→ **What to work on**
Using the data below, print exactly the line with "Информация об аппаратной", the line with "- Nikatei NC-120S", and every line between them, but none of the pictures.

◇ ◇ ◇ ◇

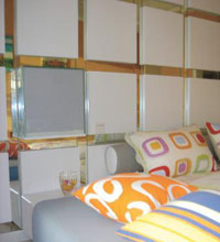 这里的最大特色是错层,让整个空间多了一些灵动。步上客厅与餐厅交界处的三级楼梯,便到了主人家休息和学习的宁静空间。书房的布置简单时尚却很实用,最吸引人的是挂在墙上的布艺装饰画,将整个空间衬托得高雅起来。一进小孩房,便知道什么是童真的世界,可爱的叮当猫、米奇等小玩具多么逗人,多彩的玻璃装饰让整个房间都动起来了。 在简约的主人房里,花式的床上用品加上多彩的布艺靠垫,简直是最完美的搭配,把时尚的玻璃床头背景设计也比下去了。在这里,每一个空间都利用得很好,还设计了时尚的卫浴间和衣帽间。 |
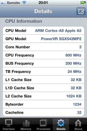 Информация об аппаратной части iPhone 4S (дезинформация о камере останется на совести автора утилиты)
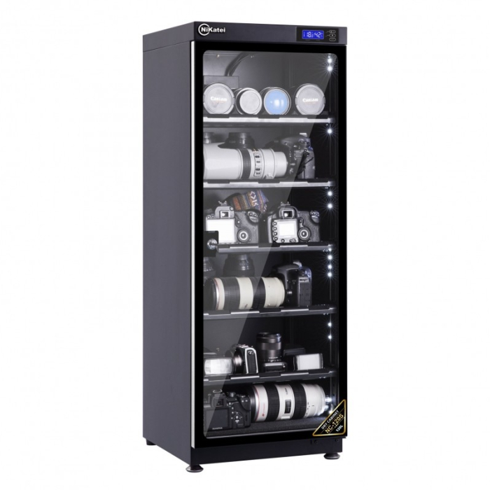 - Nikatei NC-120S (120 lít) gồm một khoang lớn có cánh cửa kính 2 lớp chống xước được thiết kế chịu sự va đập và đảm bảo tuyệt đối độ ẩm bên trong với hệ thống gioăng cao su từ bao quanh tạo nên sự chắc chắn mỗi khi mở ra đóng vào.
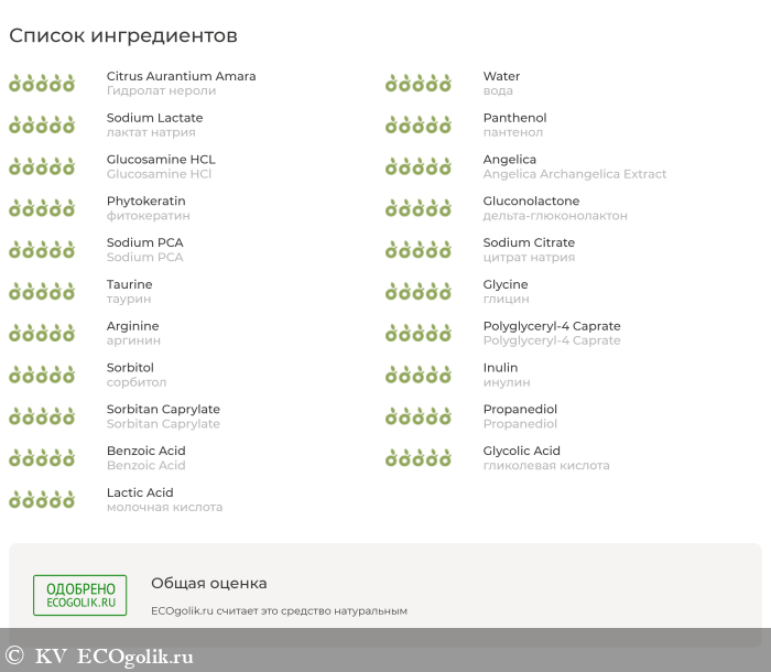 Состав: гидролат нероли (Citrus Aurantium Amara Flower Water), вода (Aqua), лактат натрия** (So-dium Lactate), пантенол (Panthenol), глюкозамин (Glucosamine HCl), экстракт ангелики (Angelica Archangelica Extract), фитокератин* ** (Hydrolyzed Soy and Rice Protein), дельта-глюконолактон** (Delta-gluconolactone), натрия PCA** (Sodium PCA), цитрат натрия (Sodium Citrate), комплекс аминокислот** : таурин, глицин, аргинин (Taurine, Glycine, Arginine), эмолент из кокосового масла* (Polyglyceryl-4 Caprate), сорбитол (Sorbitol), инулин (Inulin), зеленый консервант Nipaguard SCE* (Sorbitan Caprylate, Propanediol, Benzoic Acid), гликолевая кислота (Glycolic Acid), молочная кислота (Lactic Acid).
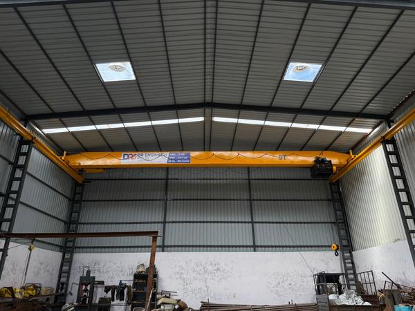 Double Girder EOT CraneA Double Girder EOT (Electric Overhead Travelling) Crane is a heavy-duty overhead lifting system designed with two parallel girders that provide superior strength, stability, and increased lifting height compared to single girder models. Supported by end carriages on both sides, it ensures smooth, safe, and precise load handling across large industrial facilities.These cranes are ideal for manufacturing plants, steel industries, powerhouses, heavy engineering workshops, and large warehouses where high lifting capacities and long spans are required. The robust construction and advanced design allow for high-speed operations, improved hook approach, and maximum utilization of workspace.Each crane is engineered and tested as per IS 3177, IS 807, standards, ensuring durability, reliability, and operator safety.| Parameter               | Details                                                                       || Capacity                   | Up to 150 Ton                                                            || Span                         | Up To - 80 Meters                                                    || Lift Height (HOL)     | Up To - 100 Meters                                                  || Duty Cycle                | M1 to M8 as per IS 3177 /IS 807                           || Optional Features   | Radio Remote Control ,Safety Limit Switches    |
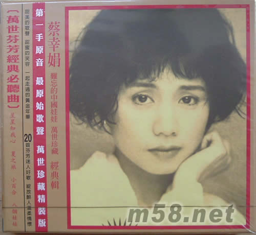 難忘的中國(guó)娃娃 經(jīng)典輯20首(m58.net) 第一手原音 最原始歌聲 萬(wàn)世珍藏精裝版 甜美的歌聲 甜蜜的笑容 一起走過(guò)的黃金年華 20首芬芳迷人好歌 綻放醉人溫柔情懷 [萬(wàn)世芬芳經(jīng)典必聽(tīng)曲]星星知我心 夏之旅 小百合 人個(gè)娃娃
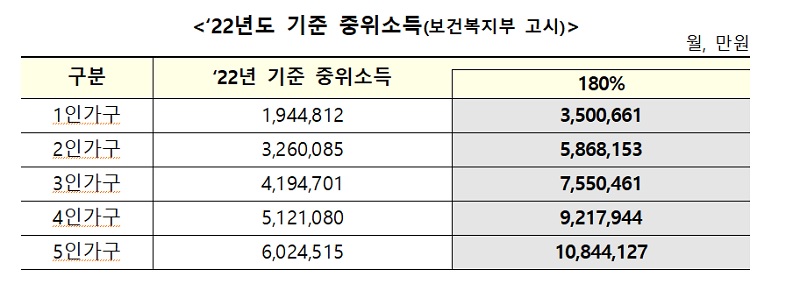 가구소득의 경우 신청자 본인을 포함한 가구원(배우자, 부모, 자녀, 미성년 형제·자매) 소득의 합이 지난해 기준 중위소득의 180% 이하여야 한다.

◇ ◇ ◇ ◇

→ **Response to this task**
 Информация об аппаратной части iPhone 4S (дезинформация о камере останется на совести автора утилиты)
 - Nikatei NC-120S (120 lít) gồm một khoang lớn có cánh cửa kính 2 lớp chống xước được thiết kế chịu sự va đập và đảm bảo tuyệt đối độ ẩm bên trong với hệ thống gioăng cao su từ bao quanh tạo nên sự chắc chắn mỗi khi mở ra đóng vào.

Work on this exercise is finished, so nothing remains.